Local

Predicar con el ejemplo

El monopolio de la fuerza por parte del Estado es una de las características principales de la aparición y consolidación del Estado Moderno. Gracias a ello se supone que el Estado acaba con su uso arbitrario para proporcionarnos defensa y seguridad basadas en la justicia y la legalidad.

el 16 sep 2009 / 00:21 h.

El monopolio de la fuerza por parte del Estado es una de las características principales de la aparición y consolidación del Estado Moderno. Gracias a ello se supone que el Estado acaba con su uso arbitrario para proporcionarnos defensa y seguridad basadas en la justicia y la legalidad. Allí donde el Estado no llega surgen piratas, mafias o paraísos fiscales. Las mafias se apropian de las funciones del Estado: cobran tributos a cambio de seguridad, con la diferencia de que ellas no buscan necesariamente el bien común, ni sus dirigentes son elegidos con criterios democráticos de transparencia y garantías constitucionales. Por eso la mayor garantía democrática es que dispongamos de cuerpos y fuerzas de seguridad que nos defiendan a todos como partes integrantes que somos del Estado. El problema surge cuando a veces el monopolio de la fuerza que ostenta el Estado se realiza de forma arbitraria y totalitaria.

En un pasado aún muy reciente la policía española no protegía a todos sino sólo a una parte de los españoles y abusaba de su poder frente a la otra parte. Conozco a muchas personas que aún se ponen nerviosas cuando ven a un guardia civil o un policía sólo por culpa de la violencia injustificada de la que ellos mismos o personas allegadas fueron víctimas en su juventud.

La arbitrariedad policial debería haber desaparecido porque afortunadamente ya vivimos en un Estado de Derecho pero, desgraciadamente, todavía se producen casos lamentables que deben ser denunciados para que puedan desaparecer para siempre. Sin ir más lejos, en Sevilla se están sucediendo últimamente denuncias sobre abusos policiales.

Mientras escribo estas letras, se estará celebrando en las puertas de los juzgados sevillanos una concentración en contra de esos abusos coincidiendo con el juicio por atentado a la autoridad de un investigador de mi universidad, al que le piden penas que van de 1 a 3 años de prisión. Según la versión del imputado, cuando volvía por la noche a su casa en una bicicleta alquilada de SEVICI, un coche le adelantó y se le paró justo delante, bajándose de allí un hombre que se dirigió hacia él sin ninguna identificación. Asustado, dejó caer la bicicleta y salió corriendo en dirección contraria. Unos metros después, el hombre lo alcanzó, lo tiró al suelo y comenzó a golpearlo. Enseguida llegó otra persona que también le golpeó antes de que le bloquearan los brazos con unas esposas y comenzaran a insultar al agredido insinuando que había robado la bicicleta, a pesar de que luego pudo enseñarles el carnet de Sevici. Sólo en ese momento, nuestro compañero fue consciente de que esas dos personas eran policías secretas.
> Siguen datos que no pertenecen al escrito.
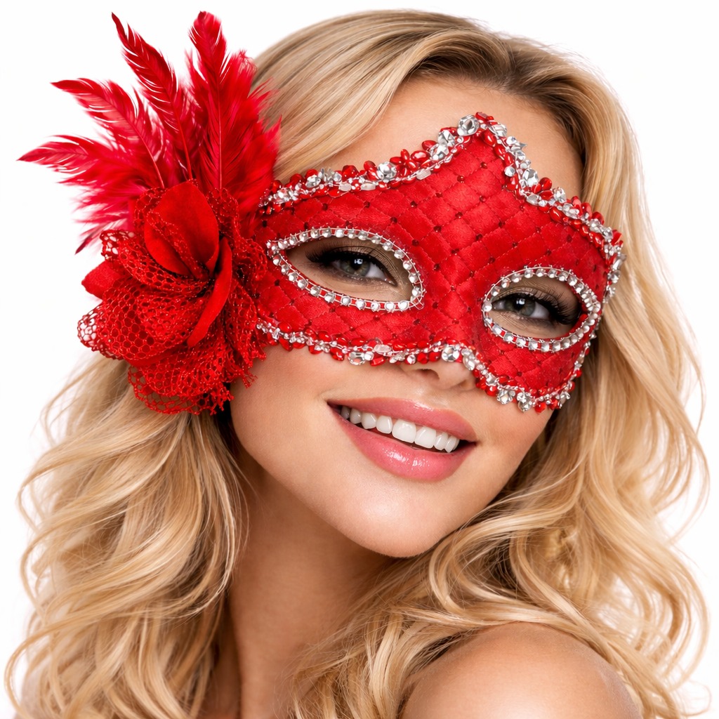 1 Adet Kırmızı Tüylü Venedik Lüks Balo Maskesi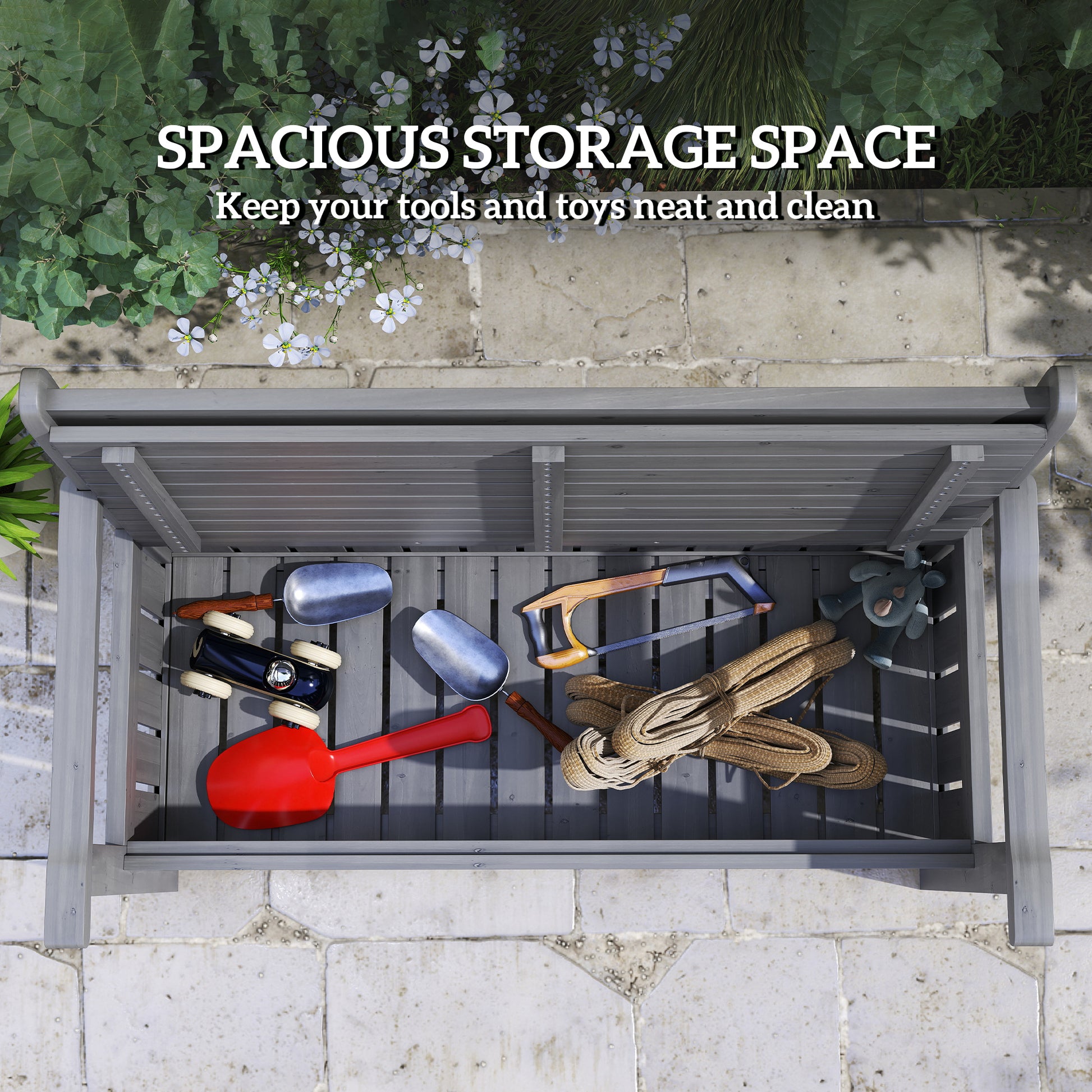 Outsunny 2-Seater Garden Storage Bench for Patio Wood Porch Decor Outdoor Seating, Charcoal Grey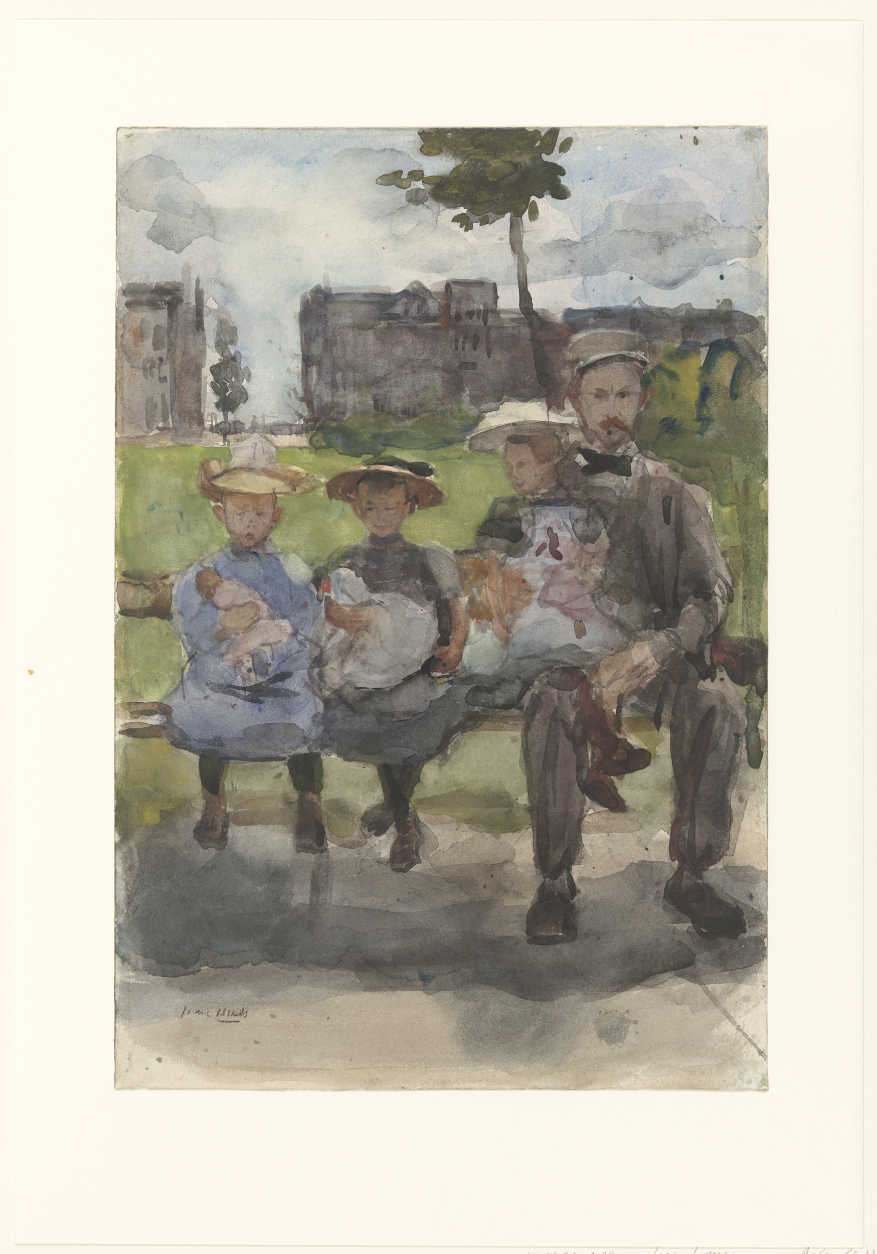 A Man with Three Girls on a Bench in the Oosterpark ...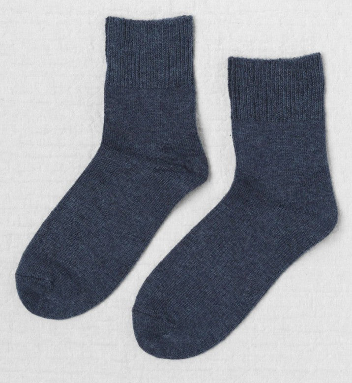 Warm smooth knit in a short crew length with a wide ribbed cuff that is loose and comfortable. Perfect length for ankle boots.

Según su versión de los hechos, los policías no se identificaron como tales, ni le dieron el alto. En cambio, éstos protegen su actuación declarando que sí le dieron el alto, que le enseñaron la placa y que el acusado les tiró la bicicleta encima. Si la versión de los hechos del investigador de nuestra universidad es cierta, y yo no tengo motivos para pensar que no lo sea, deberíamos plantearnos seriamente por qué se están produciendo estos hechos que llevan a sentar en el banquillo como delincuentes a personas que no han cometido hechos que objetivamente puedan ser considerados como delictivos. Y tendríamos que preguntarnos sobre qué puede estar pasando para que personas normales sientan miedo en lugar de seguridad ante quienes tienen el deber de protegerlas. La democracia convive muy mal con la inseguridad y el miedo. La historia nos muestra multitud de casos en los que quienes han querido debilitarla o acabar con ella han empezado simplemente por generarlos artificialmente en la población para que ésta reclame así medidas extraordinarias al margen de las leyes democráticas.